Questions about your pretrained model
slcheng97 opened this issue · comments
Does the pre-trained model you provide cover the categories on LVIS data? If I want to do open-world object detection on the LVIS dataset, can I directly use your pre-trained model to generate the proposals or should I need to filter the dataset so that it doesn't contain any object in the LVIS dataset?
Hi @chengsilin,
Thank you for your interest in our work. Our MAVL model is trained on 1.3M aligned image-text pairs from from Flickr30k, MS-COCO (2014), and Visual Genome (VG).

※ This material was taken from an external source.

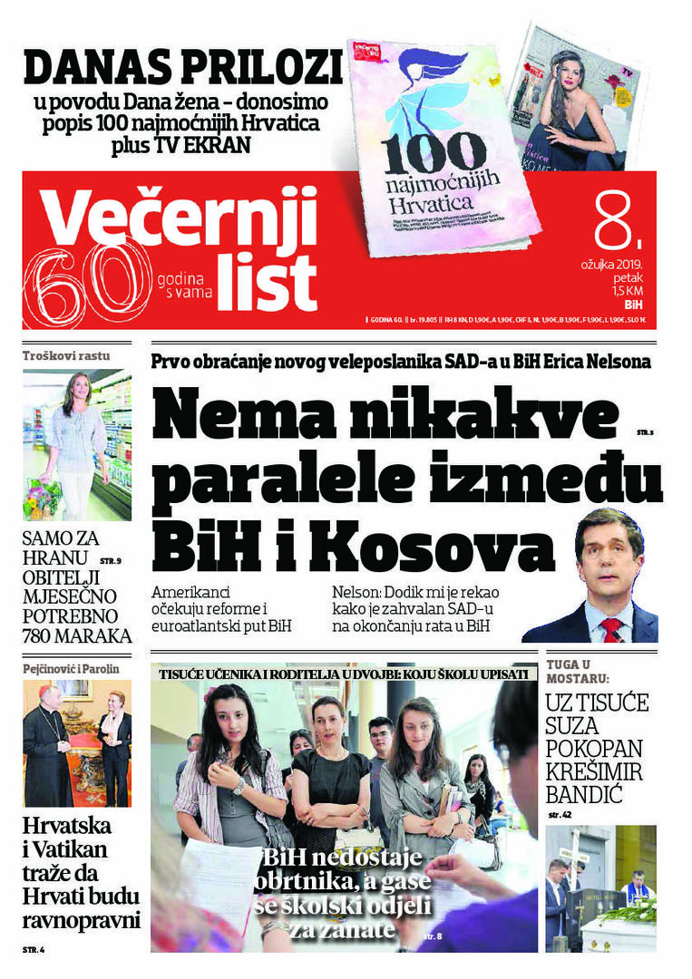 U Večernjem listu BiH u tiskanom izdanju u petak, 8. ožujka 2019. godine čitajte: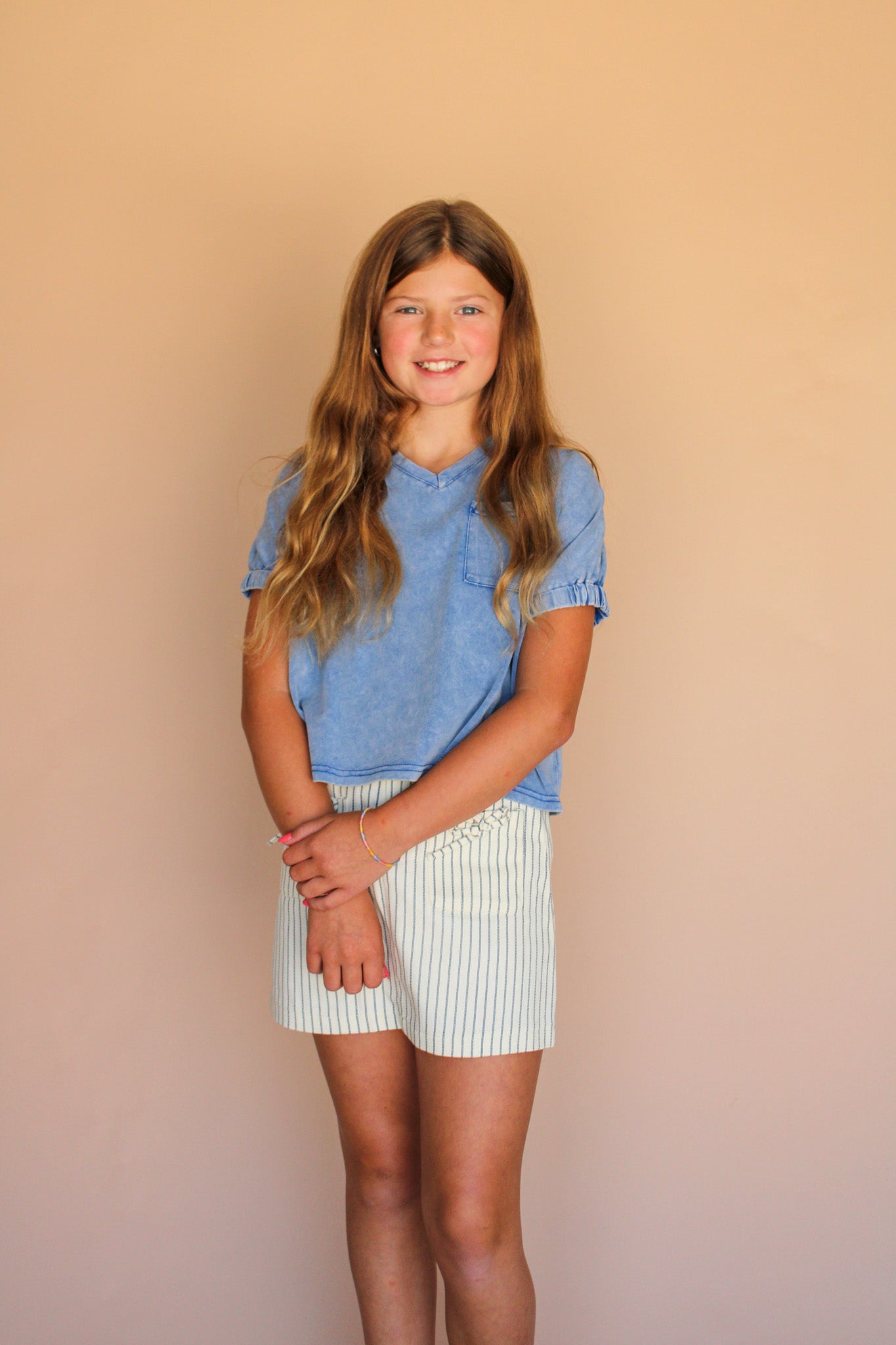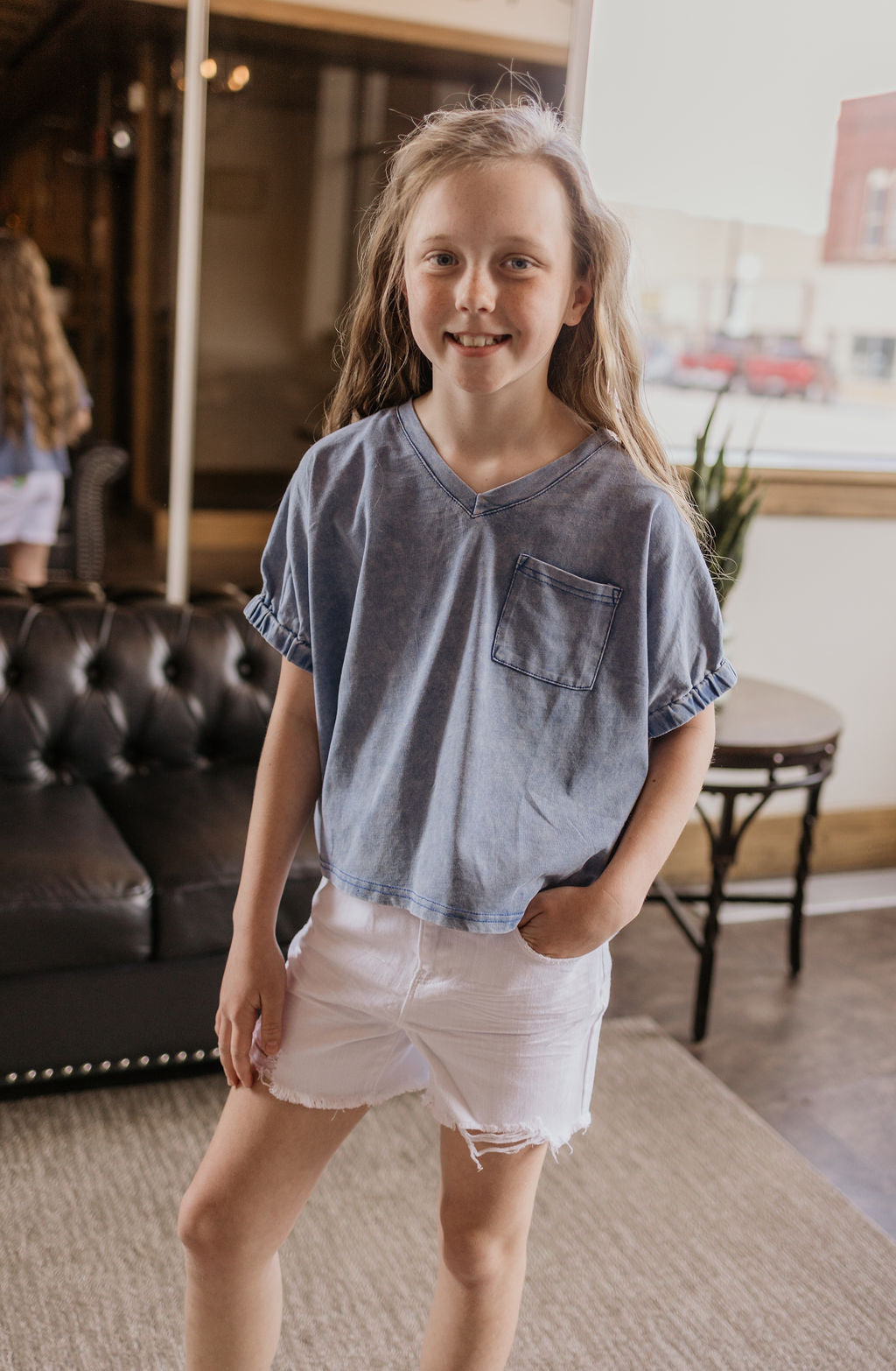 WREN GIRLS BLUE VNECK POCKET TEE WITH ELASTIC CUFF

We refer this dataset as LMDet Dataset (See. 2 of paper). Note that we do not explicitly include LVIS categories in LMDet, however, it has many LVIS categories mentioned in the text used for training MAVL.
So for a fair Open World comparison on LVIS, it is recommended to train MAVL on a filtered dataset removing all the captions/text that mention any of the LVIS categories. We followed a similar setting for reporting ORE results on COCO using MAVL proposals (See. 4.2 of paper).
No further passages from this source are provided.